This fact sheet sets out the Department of Health and Social Care’s response to claims that the NHS has lost £7.5bn to fraud in the last six years.
Statement from 17 February 2023
A government spokesperson said:
“These claims are incorrect as they are based on fraud estimates, rather than actual identified losses to fraud in the NHS.
“We are taking firm and coordinated action across government to clamp down on fraud, including investing in counter fraud expertise, which helps detect and prevent fraud.
“We have set up the Anti-Fraud Unit and the NHS Counter Fraud Authority to tackle fraud, bribery, and corruption across the health sector, helping to protect taxpayers’ money for better patient care.”
How much has the NHS lost over the last five years?
- The actual identified amount lost to fraud in the NHS over the last five years is £69.3m. We recently set this out in a parliamentary question on 9 February.
- The claim that the NHS has lost £7.5bn to fraud is misleading, as it uses the annual Strategic Intelligence Assessment fraud estimates and presents them as actual fraud losses.
- The Strategic Intelligence Assessment fraud estimates are designed to estimate the NHS’s vulnerability to fraud, in order to target resources more effectively. They do not represent actual losses to fraud.
What is the government and NHS doing about fraud in the NHS?
- The NHS Counter Fraud Authority was established in 2017, a dedicated special health authority leading the fight against fraud in the NHS in England.
- A network of local counter fraud specialists is in place across the NHS in England to also help hold those who commit fraud to account.
- The COVID-19 pandemic caused the NHS Counter Fraud Authority to revise down their annual targets between 2020 and 2022 but they are on track to meet the overall three-year target of preventing, detecting and recovering £400m.
What is the Department of Health and Social Care doing specifically to prevent fraud?
- Counter fraud work at a national level is led by the DHSC Anti-Fraud Unit (DHSC AFU). Its goal is to prevent and deter fraud, corruption and bribery by raising awareness and working in partnership with all parts of DHSC, its ALBs and companies.
- The DHSC AFU sets the counter fraud policy and strategy for the Department and the wider health group, the latest strategy covers the period 2020 – 2023. We are refreshing that strategy for 2023-26.

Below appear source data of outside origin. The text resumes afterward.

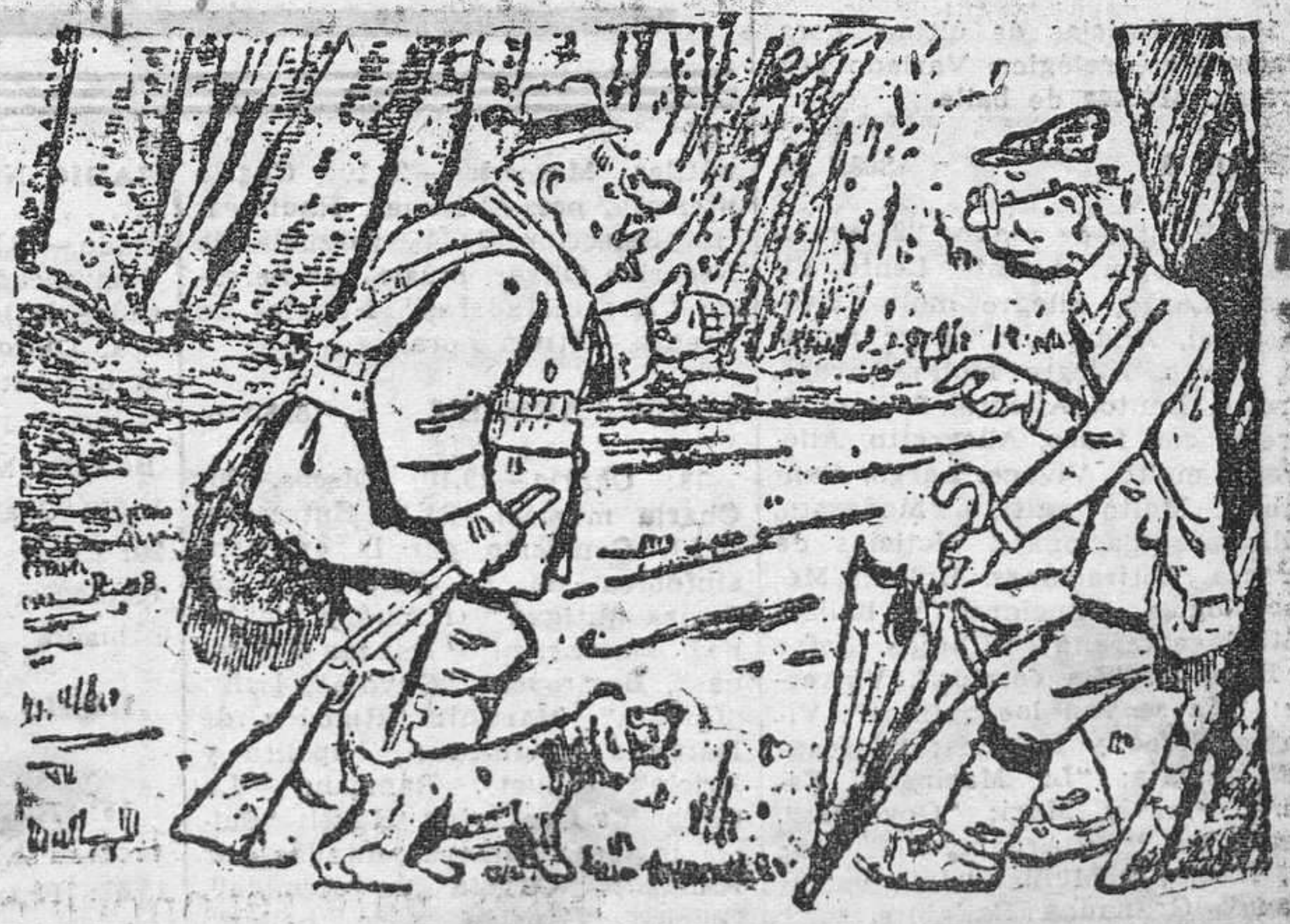
—¿Cómo ha huído el conejo? ¿Es que estaba usted descubierto? —Todo lo contrario. Cuando lo vi llegar abrí el paraguas para que no me viera. (De "Moustique", Charleroi.)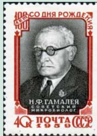
Poštová známka s portrétom akademika F. M. Gamaleju z roku 1959.

Po návrate do vlasti založil s Il'jom Mečnikovom podľa Pasteurovho modelu Odeskú bakteriologickú stanicu pre vakcinačné štúdie a výskum v oblasti moru, choleary a tuberkulózy. Išlo vôbec o prvú inštitúciu svojho druhu v Rusku. Neskôr sa zaslú-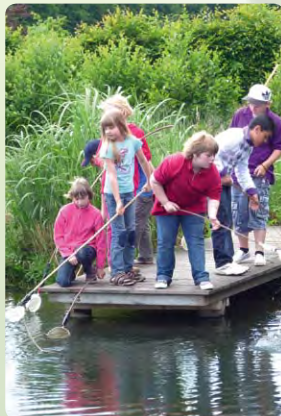
In der Natur von ihr lernen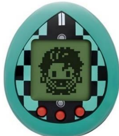
▲たんじろうっちカラー

TVアニメ「鬼滅の刃」は、原作漫画のシリーズ累計発行部数が 4,000 万部を突破するなど、社会的なブームを巻き起こしています。この度は、来年で誕生 25 周年を迎える携帯型育成玩具「たまごっち」をさらに多くの方にお楽しみいただくため、たまごっちに「鬼滅の刃」の世界観を落とし込み、さまざまな「隊士」の育成が楽しめる『きめつたまごっち』を開発しました。バンダイでは本商品をはじめ、玩具、カード、カプセルトイ、菓子・食品、アパレル、生活雑貨など、幅広い事業分野で「鬼滅の刃」の世界観を表現した商品を精力的に展開し、作品を愛するすべての皆さまへ楽しい時をお届けします。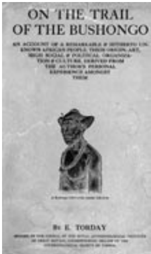
18. kép – Torday egyik legnépszerűbb könyvének címlapja ( On the Trail of the Bushongo )

Csupán a Royal Anthropological Institute archívumában és a British Museumban található felvételek éltek túl a világegést.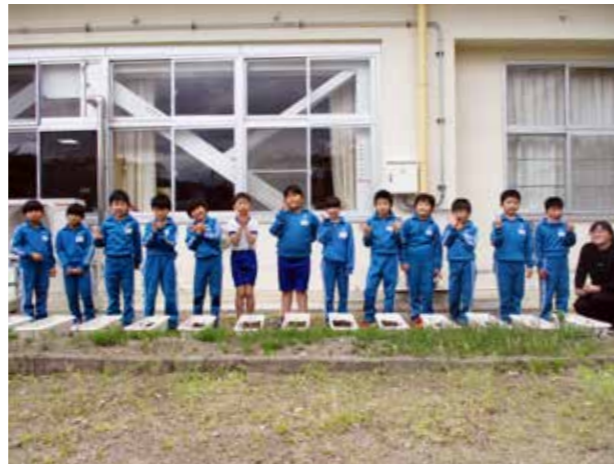
発芽に期待を膨らませる(荒海小学校)

館岩小学校では、児童が森林と人々の生活や環境との関わりについて理解を深めることを目的とした「森林環境学習」を行いました。今回の学習では、南会津森林組合館岩支所の皆さんを講師に迎え、シイタケやナメコなどの種菌を原木一本一本に植菌。今後も、館岩地域の豊かな自然環境を活用して、森林環境学習に取り組んでいきます。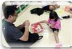
年少さんは、お父さんやお母さんとゲーム大会！たくさん汗をかいた後は、牛乳パックで、お散歩カーを作りました♡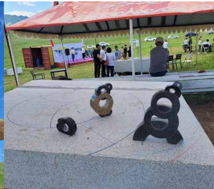
Das Einrichten am Arbeitsplatz, Guru Eco Lodge, Terelj National Park, Setup at the worksite in Guru Eco Lodge, Terelj national park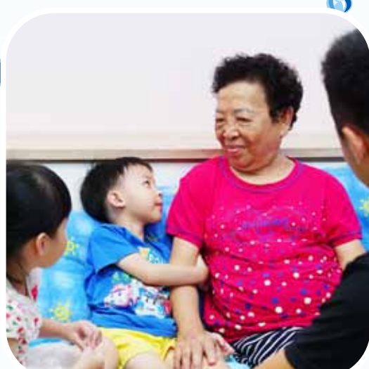
Bago At Pagkatapos Humawak Sa Pasyente

- DHSC AFU seeks to ensure fraud risks are assessed and fraud prevention and detection are supported by effective monitoring. Work to continually minimise risk is built in to DHSC policy development at the earliest possible stage and promotes awareness of fraud risks across the health group.
What is the NHS Counter Fraud Authority?
- NHSCFA carries out the Secretary of State’s counter fraud functions in respect of the health service in England.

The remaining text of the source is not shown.